Could you copy exactly the lines below from the one with "Skapa en varm" to the one with "The LV Ski collection", inclusive, leaving out any pictures?

Segment Start: RECORD EXTRACTS

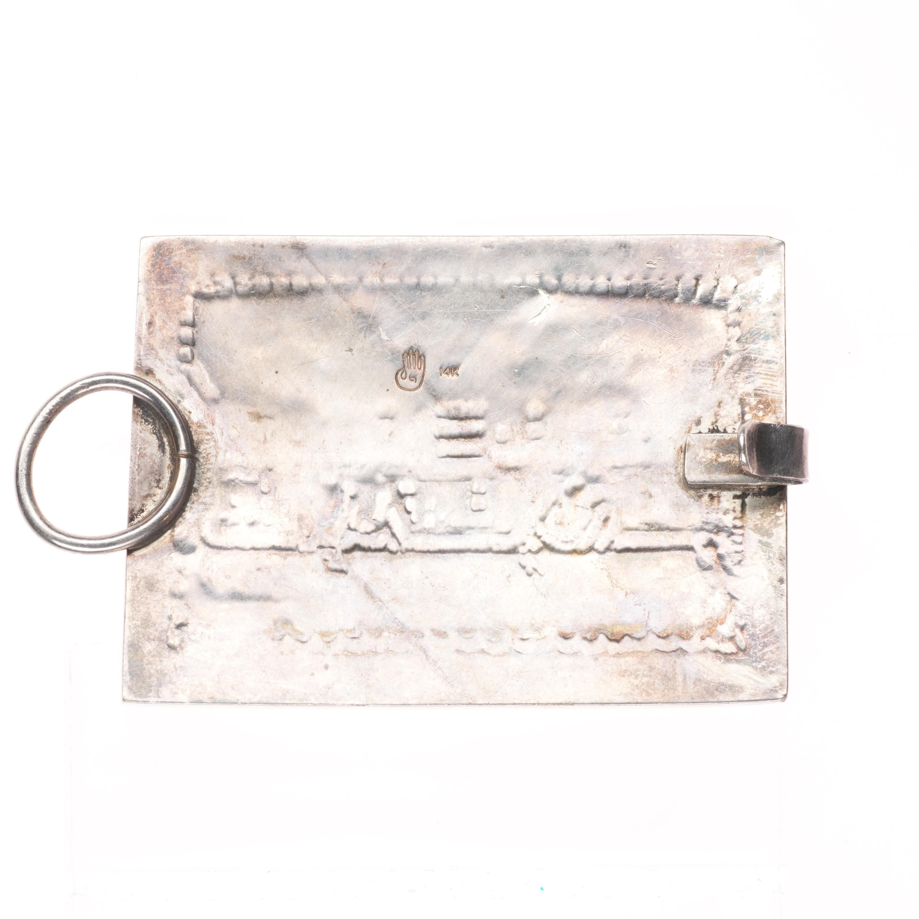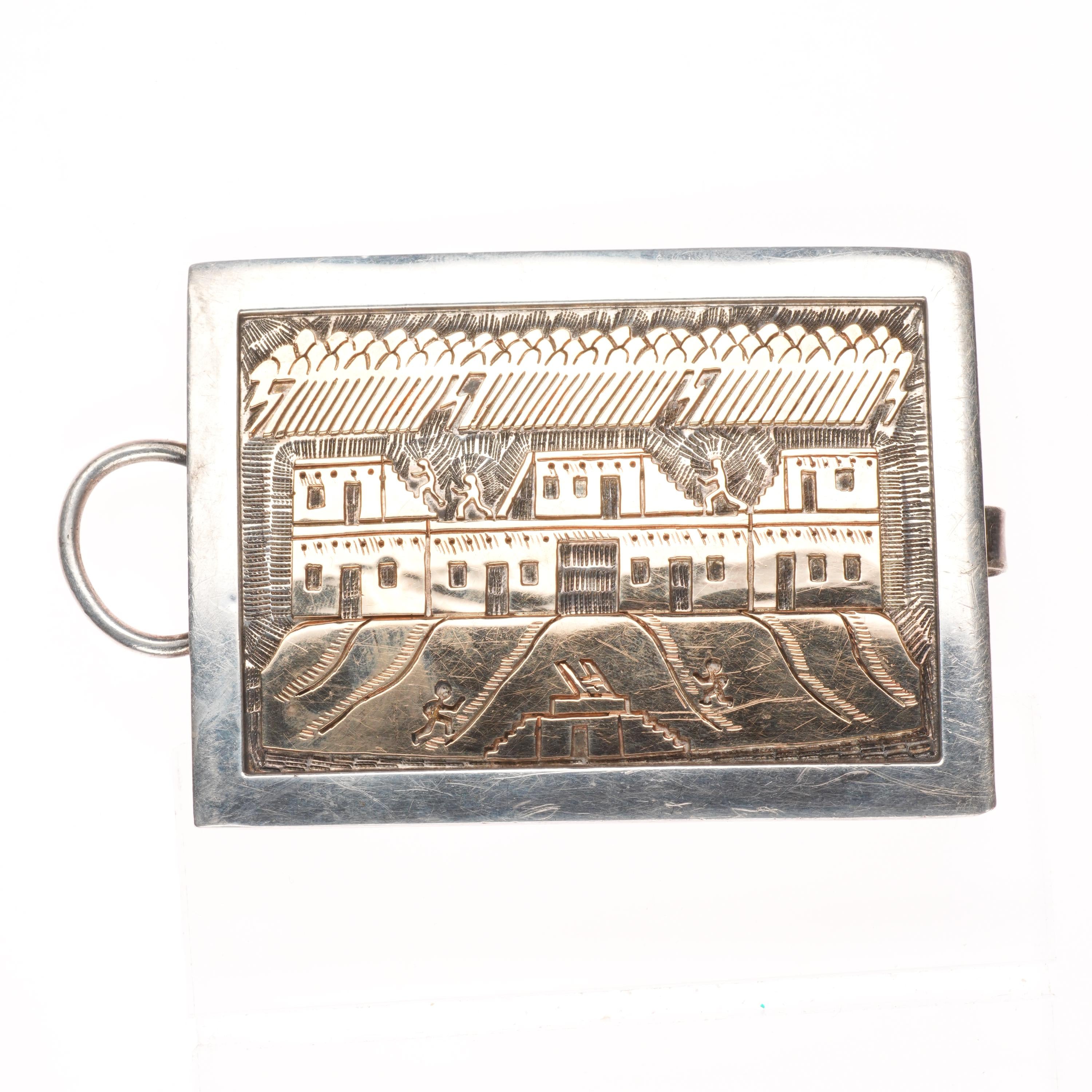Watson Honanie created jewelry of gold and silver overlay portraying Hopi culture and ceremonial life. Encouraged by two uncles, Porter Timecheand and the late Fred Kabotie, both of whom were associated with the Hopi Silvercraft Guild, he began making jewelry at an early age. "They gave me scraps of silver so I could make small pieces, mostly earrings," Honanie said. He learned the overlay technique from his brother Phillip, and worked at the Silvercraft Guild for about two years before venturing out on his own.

Segment End: RECORD EXTRACTS
Segment Start: RECORD EXTRACTS

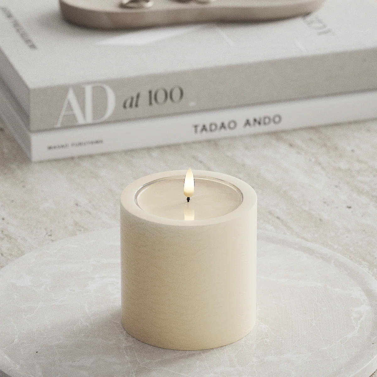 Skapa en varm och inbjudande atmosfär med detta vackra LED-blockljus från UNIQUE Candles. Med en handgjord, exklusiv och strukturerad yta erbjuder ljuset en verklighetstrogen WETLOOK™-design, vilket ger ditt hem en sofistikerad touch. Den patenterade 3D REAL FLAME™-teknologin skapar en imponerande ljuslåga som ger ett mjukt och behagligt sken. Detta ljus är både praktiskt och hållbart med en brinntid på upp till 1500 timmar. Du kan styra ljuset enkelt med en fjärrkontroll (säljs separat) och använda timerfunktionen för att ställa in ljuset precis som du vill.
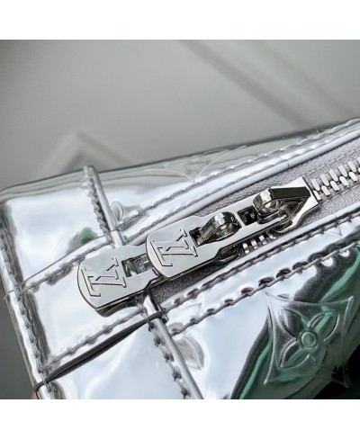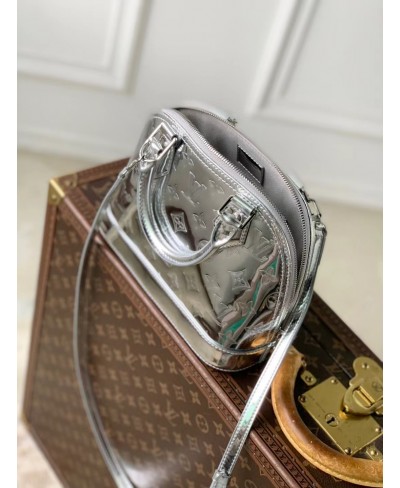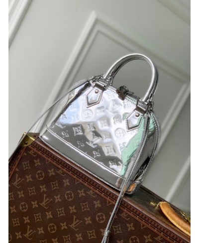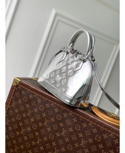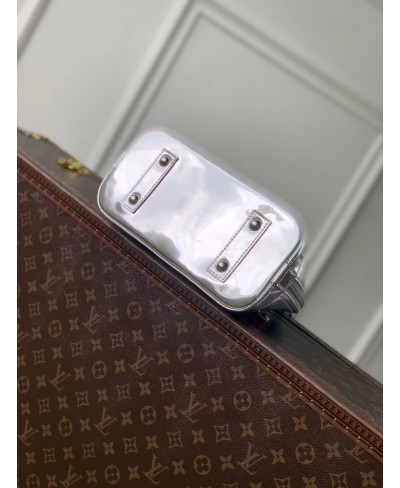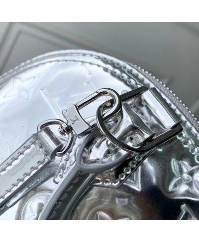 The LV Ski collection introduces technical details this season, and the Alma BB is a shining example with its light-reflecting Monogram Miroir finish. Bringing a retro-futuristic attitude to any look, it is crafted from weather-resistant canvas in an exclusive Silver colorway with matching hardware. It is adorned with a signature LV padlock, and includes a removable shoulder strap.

Segment End: RECORD EXTRACTS
Segment Start: RECORD EXTRACTS

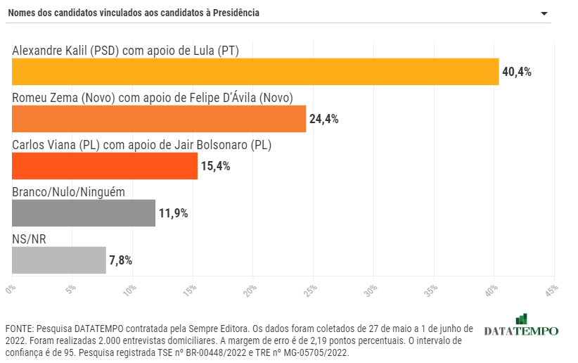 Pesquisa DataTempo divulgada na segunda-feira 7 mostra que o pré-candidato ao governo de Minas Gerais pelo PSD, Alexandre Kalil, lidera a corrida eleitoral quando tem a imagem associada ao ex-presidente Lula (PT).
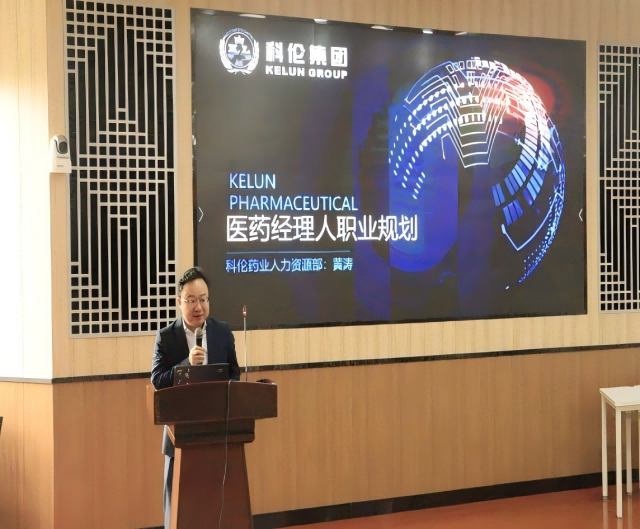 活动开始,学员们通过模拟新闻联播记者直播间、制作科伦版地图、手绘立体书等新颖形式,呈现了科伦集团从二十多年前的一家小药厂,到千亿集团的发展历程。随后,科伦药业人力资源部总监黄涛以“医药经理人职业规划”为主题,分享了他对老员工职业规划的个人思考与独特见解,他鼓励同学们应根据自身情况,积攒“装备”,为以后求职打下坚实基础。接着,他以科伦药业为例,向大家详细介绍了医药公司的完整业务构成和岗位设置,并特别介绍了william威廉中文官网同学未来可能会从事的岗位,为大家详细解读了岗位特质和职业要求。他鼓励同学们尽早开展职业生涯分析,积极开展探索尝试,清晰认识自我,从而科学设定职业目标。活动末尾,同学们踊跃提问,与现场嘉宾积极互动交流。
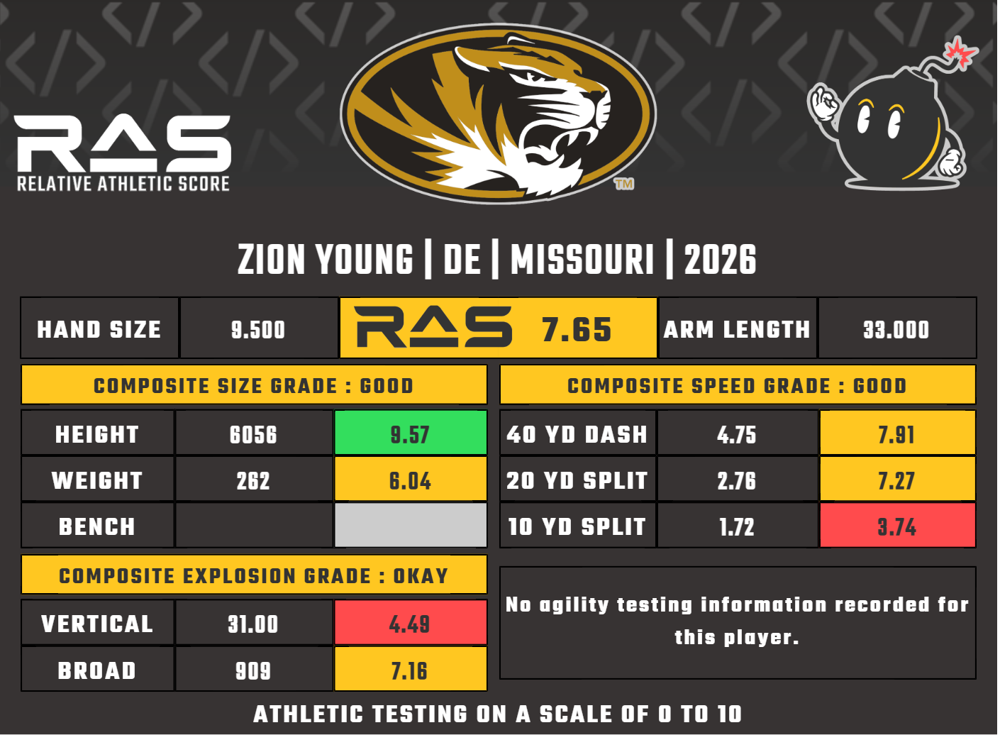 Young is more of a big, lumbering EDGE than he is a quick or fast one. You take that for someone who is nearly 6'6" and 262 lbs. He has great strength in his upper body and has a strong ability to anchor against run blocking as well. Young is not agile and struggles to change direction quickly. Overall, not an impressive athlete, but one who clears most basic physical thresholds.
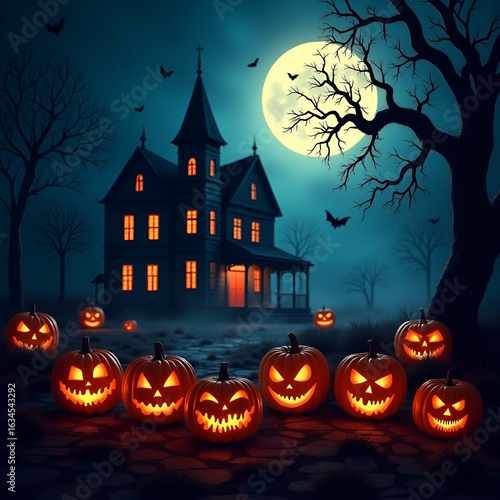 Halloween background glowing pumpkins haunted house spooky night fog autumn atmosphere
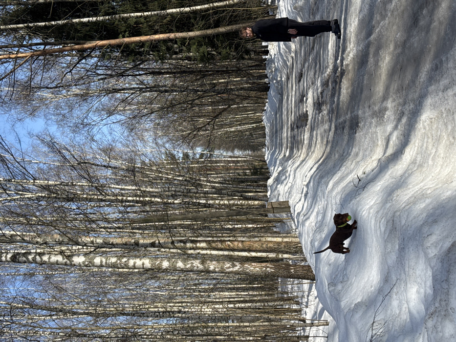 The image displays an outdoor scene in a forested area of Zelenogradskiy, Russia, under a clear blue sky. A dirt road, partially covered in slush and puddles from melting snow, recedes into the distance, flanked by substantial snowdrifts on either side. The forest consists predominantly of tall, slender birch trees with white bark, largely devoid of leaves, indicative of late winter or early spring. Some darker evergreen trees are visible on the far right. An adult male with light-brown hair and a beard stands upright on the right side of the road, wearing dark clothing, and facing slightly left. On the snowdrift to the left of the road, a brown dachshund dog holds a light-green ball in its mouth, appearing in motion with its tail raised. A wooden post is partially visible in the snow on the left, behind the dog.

Segment End: RECORD EXTRACTS

FINISHED TASK:
 Skapa en varm och inbjudande atmosfär med detta vackra LED-blockljus från UNIQUE Candles. Med en handgjord, exklusiv och strukturerad yta erbjuder ljuset en verklighetstrogen WETLOOK™-design, vilket ger ditt hem en sofistikerad touch. Den patenterade 3D REAL FLAME™-teknologin skapar en imponerande ljuslåga som ger ett mjukt och behagligt sken. Detta ljus är både praktiskt och hållbart med en brinntid på upp till 1500 timmar. Du kan styra ljuset enkelt med en fjärrkontroll (säljs separat) och använda timerfunktionen för att ställa in ljuset precis som du vill.
 The LV Ski collection introduces technical details this season, and the Alma BB is a shining example with its light-reflecting Monogram Miroir finish. Bringing a retro-futuristic attitude to any look, it is crafted from weather-resistant canvas in an exclusive Silver colorway with matching hardware. It is adorned with a signature LV padlock, and includes a removable shoulder strap.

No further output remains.